DataFrame sfWaveDF = spark.
          read().
          format("com.springml.spark.salesforce").
          option("username", "your_salesforce_username").
          option("password", "your_salesforce_password_with_secutiry_token"). //<salesforce login password><security token>
          option("saql", saql)
          option("inferSchema", "true").
          load()

// Reading Salesforce Object
String soql = "select id, name, amount from opportunity"
DataFrame sfDF = spark.
          read.
          format("com.springml.spark.salesforce").
          option("username", "your_salesforce_username").
          option("password", "your_salesforce_password_with_secutiry_token"). //<salesforce login password><security token>
          option("soql", soql).
          option("version", "37.0").
          load()      

// Update Salesforce Object
// CSV should contain Id column followed other fields to be Updated
// Sample - 
// Id,Description
// 003B00000067Rnx,Superman
// 003B00000067Rnw,SpiderMan
DataFrame df = spark
                    .read()
                    .format("com.databricks.spark.csv")
                    .option("header", "true")
                    .load("your_csv_location");
df.write().format("com.springml.spark.salesforce")
      .option("username", "your_salesforce_username")
      .option("password", "your_salesforce_password_with_secutiry_token")//<salesforce login password><security token>
      .option("sfObject", "Contact")
      .save();

R API

# Writing Dataset
df <- read.df("your_csv_location", source = "com.databricks.spark.csv", inferSchema = "true")
write.df(df, path="", source='com.springml.spark.salesforce', mode="append", datasetName="your_dataset_name", username="your_salesforce_username", password="your_salesforce_password_with_secutiry_token") #<salesforce login password><security token>

# Reading Dataset
saql <- "q = load \"<dataset_id>/<dataset_version_id>\"; q = foreach q generate  'Name' as 'Name',  'Email' as 'Email';"
sfWaveDF <- read.df(source="com.springml.spark.salesforce", username=your_salesforce_username, password=your_salesforce_password_with_secutiry_token, saql=saql) #<salesforce login password><security token>

# Reading Salesforce Object
soql <- "select id, name, amount from opportunity"
dfDF <- read.df(source="com.springml.spark.salesforce", username=your_salesforce_username, password=your_salesforce_password_with_secutiry_token, soql=soql) #<salesforce login password><security token>

# Update Salesforce Object
# CSV should contain Id column followed other fields to be Updated
# Sample - 
# Id,Description
# 003B00000067Rnx,Superman
# 003B00000067Rnw,SpiderMan
df <- read.df("your_csv_location", source = "com.databricks.spark.csv", header = "true")
write.df(df, path="", source='com.springml.spark.salesforce', mode="append", sfObject="Contacct", username="your_salesforce_username", password="your_salesforce_password_with_secutiry_token") #<salesforce login password><security token>

Metadata Configuration

This library constructs [Salesforce Wave Dataset Metadata] (https://resources.docs.salesforce.com/sfdc/pdf/bi_dev_guide_ext_data_format.pdf) using Metadata Configuration present in resources.

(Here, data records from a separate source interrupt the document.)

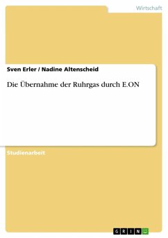 Studienarbeit aus dem Jahr 2004 im Fachbereich BWL - Unternehmensführung, Management, Organisation, Note: 1,7, Hochschule Bochum, Veranstaltung: Strategische Unternehmensführung, Sprache: Deutsch, Abstract: Die vorliegende Seminararbeit befasst sich mit der Übernahme der Ruhrgas AG durch E.ON. Hierbei handelt es sich um eine freundliche Übernahme, denn das Management des übernommenen Unternehmens Ruhrgas erklärt sich mit der Transaktion einverstanden. Dies liegt nicht zuletzt am Engagement von Dr. Klaus Liesen. 1 Dieser konzipierte schon die Aktionärsstruktur der Ruhrgas AG und ist jetzt Mitglied des Aufsichtsrats der E.ON AG und Vorsitze nder des Aufsichtsrats der Ruhrgas AG. Auch bei E.ON - Vorläufer VEBA war Liesen bereits im Aufsichtsrat vertreten. Die Kosten für die Ruhrgas AG betrugen im Ende 11,2 Mrd. EUR. Trotz der Hindernisse, die E.ON im Laufe der Zeit beseitigen musste, ist dies immer noch ein "Schnäppchen" für die E.ON AG. Nichts desto trotz ist diese Übernahme ein entscheidender Schritt in der Energiewirtschaft Deutschlands und Europas. Die Konkurrenz und der Wettbewerb werden dadurch weiter belebt. Im zweiten Kapitel stellen die Verfasser die beiden an der Übernahme beteiligten Unternehmen vor. Zunächst wird auf die Situation der E.ON AG vor der Übernahme eingegangen. An dieser Stelle wird auf die Ausführungen, wie das Unternehmen entstanden ist verzichtet, da sich eine andere Seminararbeit bereits ausführlich mit diesem Thema befasst hat. Das Unternehmen wird kurz vorgestellt im Hinblick auf Tätigkeitsfelder, wichtige Zahlen, Aktionärsstruktur, Beteiligungen, strategische Ausrichtung und Ziele und Marktposition. Im Folgenden wird Ruhrgas vor der Übernahme dargestellt. Zunächst werden die Tätigkeitsfelder und die historische Entwicklung aufgezeigt. Ein kurzer Exkurs soll die Lieferkette in der deutschen Gaswirtschaft deutlich machen. Die Marktposition der Ruhrgas AG und die Stufen der Wertschöpfungskette (Einkauf, Verkauf, Transport), auf denen Ruhrgas tätig ist werden ebenso beleuchtet wie die Beteiligungsstruktur und der Aktionärskreis der Ruhrgas AG.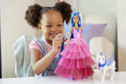 Célébrez le 65e anniversaire de BARBIE avec un coffret magique princesse et son alicorne ! La poupée, aux longs cheveux bleus, robe rose et ailes et queue amovibles, invite à un monde de fantaisie. Sont inclus un diadème avec corne, des boucles d’oreilles argentées, des chaussures stylées et une brosse pour coiffer. Un licorne ailée accompagne les histoires pleines de magie.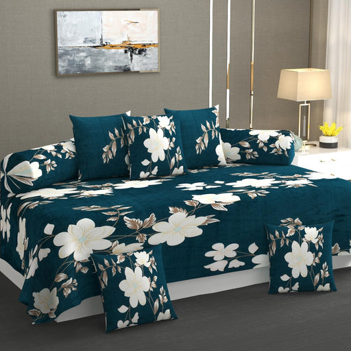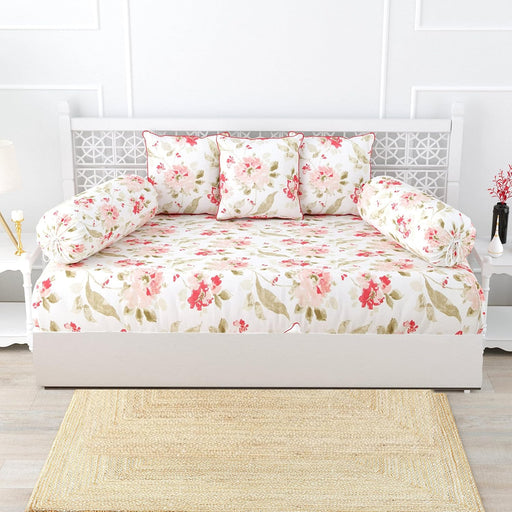 Extensive Set: This diwan cover set includes 1 single bedsheet (150 x 228 cm), 5 pillow covers (40 x 40 cm), and 2 bolster covers (40 x 81 cm).Prem...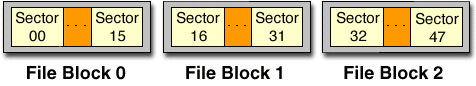 The logical block address of the blocks in the above array are referred to as File Block Addresses, and the associated logical sector addresses are referred to as File Sector Addresses. These addresses exist even for holes in the file, though actual storage space might not have been allocated for the corresponding locations on the file.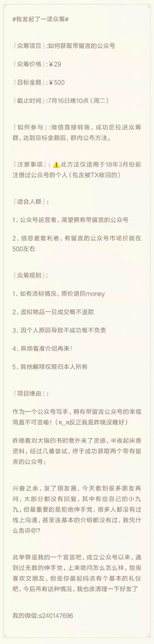 上周末我在朋友圈发起了一个小规模的众筹活动,项目是:如何获得带有留言功能的公众号,本文主要描述项目前后心路历程及启发,有些标题党,详情且听正文分解。
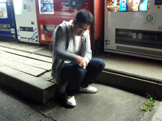 うっかり冷たい缶コーヒーを買ってしまった小男。肩を落としている場合ではない。さっそくこすりはじめ、「つめた〜い」を「あったか〜い」にするのだ。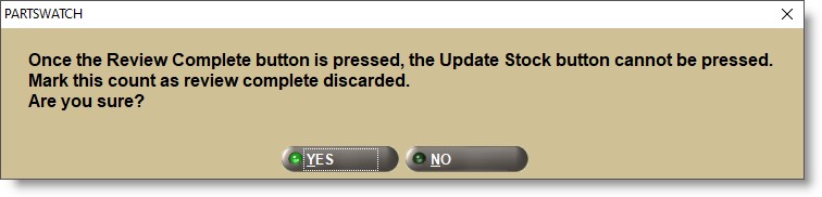 If there are any parts with non-zero 'Diff Qty' values, "Once the Review Complete button is pressed, the Update Stock button cannot be clicked. Mark this count as review complete discarded. Are you sure?" Answer: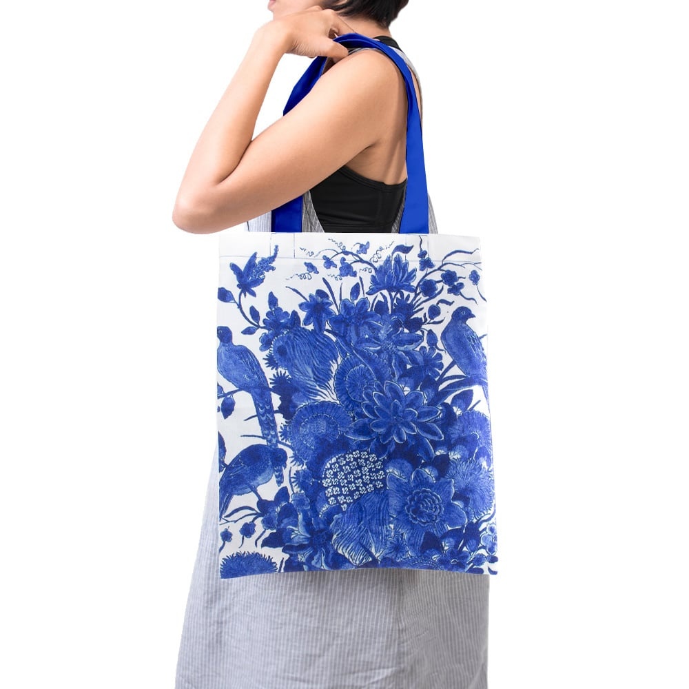 Sac en coton, avec doublure, Oiseaux bleus de Delft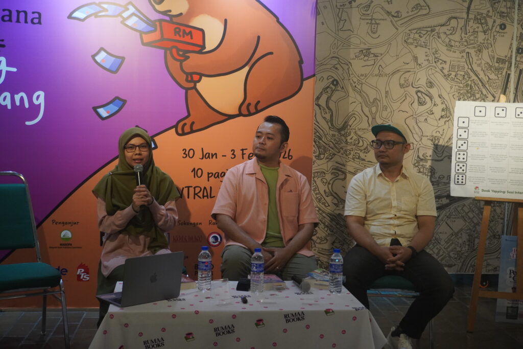Sesi soal jawab dan perkongsian berkenaan buku bersama penulis IMAN (Dari kiri: Alia Husna, Aman Wan, Aidil Ghazali)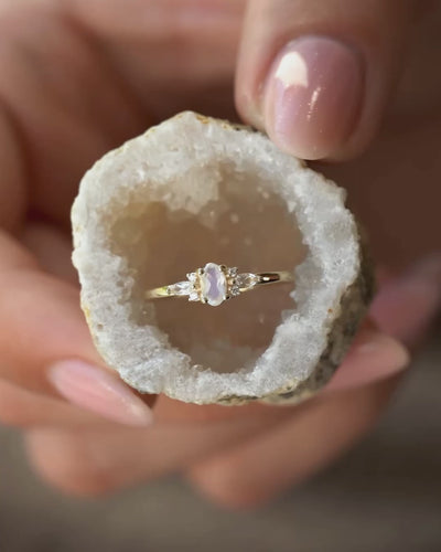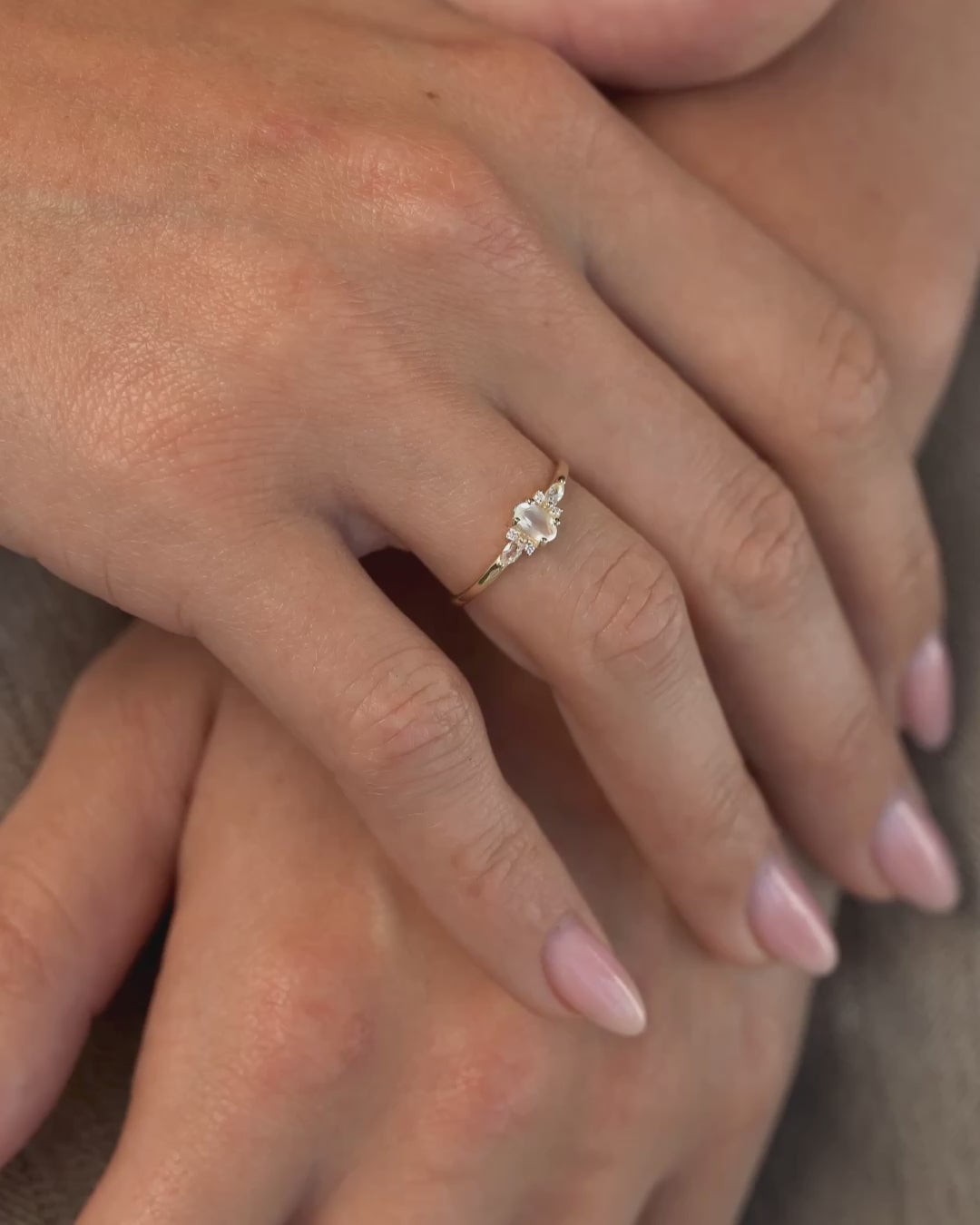 De Camille ring heeft een verfijnde en bijna dromerige uitstraling die direct rust en zachtheid uitstraalt. De ovale maansteen vormt het stralende middelpunt en vangt het licht op een subtiele, mysterieuze manier, terwijl de slanke diamanten accenten zorgen voor een fijne schittering en balans in het ontwerp. De combinatie van vormen geeft de ring een elegante en vrouwelijke uitstraling die licht aanvoelt en moeiteloos te dragen is. Een tijdloos stuk met een zachte, bijzondere uitstraling dat elke look verfijnt.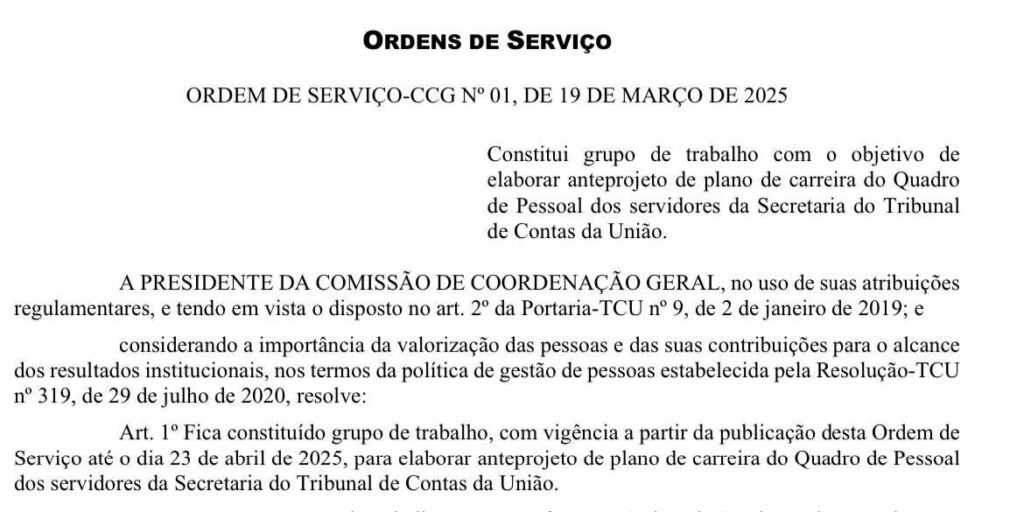 O ato de serviço foi publicado na última quinta-feira (19) no portal oficial de notícias do órgão, BTCU. O documento expõe que o grupo terá até o dia 23 de abril de 2025 para elaborar o anteprojeto de lei de plano de carreira do Quadro de Pessoal dos servidores da Secretaria do Tribunal de Contas da União.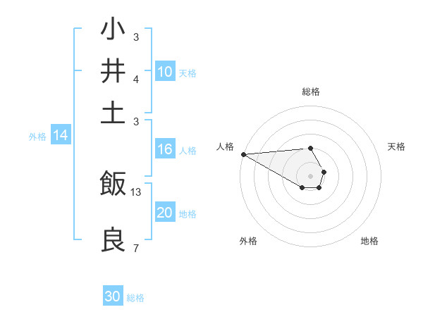 小井土 飯良さんを姓名の画数から五運を鑑定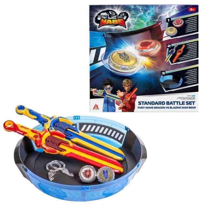 Ви го претставуваме сетот infiniti Nado Series VI Battle кој вашите малечки ќе го обожаваат. Сетот вклучува: Две метални Nado шипки со LED светла. Двајца фрлачи на мечеви. Битката арена.

User may modifiy the default behaviour. User can modify already defined datatypes or user may add additional datatypes. For example, user can change the scale to 5 for float datatype

Metadata configuration has to be provided in JSON format via "metadataConfig" option. The structure of the JSON is


{
  "<df_data_type>": {
  "wave_type": "<wave_data_type>",
  "precision": "<precision>",
  "scale": "<scale>",
  "format": "<format>",
  "defaultValue": "<defaultValue>"
  }
}

More details on Salesforce Wave Metadata can be found [here] (https://resources.docs.salesforce.com/sfdc/pdf/bi_dev_guide_ext_data_format.pdf)

Sample JSON


{
  "float": {
  "wave_type": "Numeric",
  "precision": "10",
  "scale": "2",
  "format": "##0.00",
  "defaultValue": "0.00"
  }
}

Sample to provide metadata config

This sample is to change the format of the timestamp datatype.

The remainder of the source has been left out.